U.S. policy or Israeli policy sounds like a simple question to answer in the United States? Indeed, it shouldn’t even be a serious question in the first place. U.S. policy is made in Washington. Right?

     Most of the time the answer to that question is yes, but there is an insidious movement to change that under certain circumstances.

     It has been a standard, if ironic, joke in Europe for years that U.S. Foreign policy is made in Tel Aviv. Jewish money on the U.S. East Coast controls the electoral process, and Jewish ownership of media on the West Coast controls what is seen and heard. There is an impression that when Israel is out of the U.S. news for any length of time, media time suddenly gets bombarded with “Holocaust” documentaries and movies. Lately, that hasn’t been necessary, but it happens so often that it has to be a calculated strategy.

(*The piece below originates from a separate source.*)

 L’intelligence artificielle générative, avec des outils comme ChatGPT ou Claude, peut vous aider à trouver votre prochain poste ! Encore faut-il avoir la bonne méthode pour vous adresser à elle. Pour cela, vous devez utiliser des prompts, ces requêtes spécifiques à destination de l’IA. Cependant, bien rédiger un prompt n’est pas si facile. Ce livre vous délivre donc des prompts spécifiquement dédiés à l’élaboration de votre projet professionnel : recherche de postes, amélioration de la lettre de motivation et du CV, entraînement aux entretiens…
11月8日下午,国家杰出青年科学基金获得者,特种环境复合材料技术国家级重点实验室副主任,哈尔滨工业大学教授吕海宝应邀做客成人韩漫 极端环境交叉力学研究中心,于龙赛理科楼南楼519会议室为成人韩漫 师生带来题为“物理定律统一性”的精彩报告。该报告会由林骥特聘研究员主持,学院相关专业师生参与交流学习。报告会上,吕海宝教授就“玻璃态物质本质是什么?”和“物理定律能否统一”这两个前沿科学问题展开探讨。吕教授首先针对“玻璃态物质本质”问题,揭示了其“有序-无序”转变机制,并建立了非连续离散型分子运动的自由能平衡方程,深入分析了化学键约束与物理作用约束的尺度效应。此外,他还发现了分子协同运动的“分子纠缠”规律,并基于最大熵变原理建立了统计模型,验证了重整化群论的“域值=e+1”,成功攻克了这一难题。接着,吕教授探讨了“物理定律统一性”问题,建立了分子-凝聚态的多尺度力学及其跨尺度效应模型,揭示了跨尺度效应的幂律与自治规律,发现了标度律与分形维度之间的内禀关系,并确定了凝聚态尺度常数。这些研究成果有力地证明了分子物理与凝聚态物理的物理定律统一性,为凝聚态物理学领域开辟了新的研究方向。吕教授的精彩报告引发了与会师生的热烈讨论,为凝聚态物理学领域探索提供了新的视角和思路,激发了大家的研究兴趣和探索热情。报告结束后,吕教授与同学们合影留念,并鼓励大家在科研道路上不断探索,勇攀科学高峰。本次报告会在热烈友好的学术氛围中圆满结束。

     The epitome of this planned subversion of U.S. interests in favour of Israeli interests, happened a few years ago when Senator Joe Lieberman submitted a bill on Capitol Hill that basically said the U.S. supports anything Israel wants to do. It didn’t pass, but the fact that it was submitted at all should have been tantamount to treason.

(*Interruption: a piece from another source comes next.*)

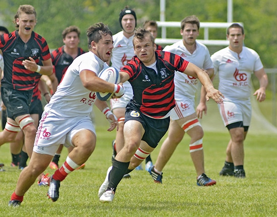 Malvern’s Dylan Silver runs to stop an advance by Unionville’s Bill Crothers Secondary School’s rugby team in OFSAA action in Hamilton on June 5. Malvern won the second-round match 10-6.

     A recent Newsweek article brought this insidious movement back to my attention. The article highlighted the case of a children’s speech therapist in Texas, who had worked as a consultant to the State education system for nine years. When her annual contract renewal was given to her recently, it included a clause that required she “does not currently boycott Israel and will not boycott Israel during the term of the contract.” She refused to sign it, and was fired. She is now suing the State of Texas.

     Apparently, there are currently twenty-six U.S. States with statutes on their books that require the same clause to be included in all their State contracts. How did that happen, and why don’t we hear more about it? In many countries, subjugating yourself to a foreign power will get you shot for treason. It can’t be a coincidence. It has to be a determined, insidious, well-organized and funded, political strategy.     

     Last year, a Kansas contractor filed a lawsuit after she was not able to get a contract because she refused to say she wouldn’t boycott Israel. The State later amended its legislation and the suit was dismissed, but that step by the State of Kansas appears to be unusual.

     Another measure to oppose boycotts of Israel, led in the U.S. Senate by Maryland Senator Ben Cardin, is taking place at the national level. The Israel Anti-Boycott Act, which was first introduced in 2017, aims to “amend the Export Administration Act” as it applies to countries and to international governmental organizations.    The proposed legislation had a minimum civil penalty of $250,000, and maximum criminal penalty of $1 million and 20 years in jail for offenders. The jail time has since been eliminated, but the legislation still permits criminal financial penalties for boycotts. That means the U.S. can impose financial penalties on foreign countries and organization if they, totally within their own sovereign rights, boycott Israel.

     Who the hell is running this country? Is it U.S.policy or Israeli policy?

     Israel has always had an ingenious defense against anyone questioning its motives or its actions: They immediately claim such moves are anti-Semitic. That threat usually results in immediate withdrawal of the question. Israel, and Israeli interests in other countries, particularly in the United States, has always done a great job in making sure the “anti-Semitic” card is played swiftly in all negative situations.

     I submit that, in many cases, the actions are not anti-Semitic, they are anti-Israel, and anti their arrogant attitude of entitlement.

     It’s about time someone called their bluff.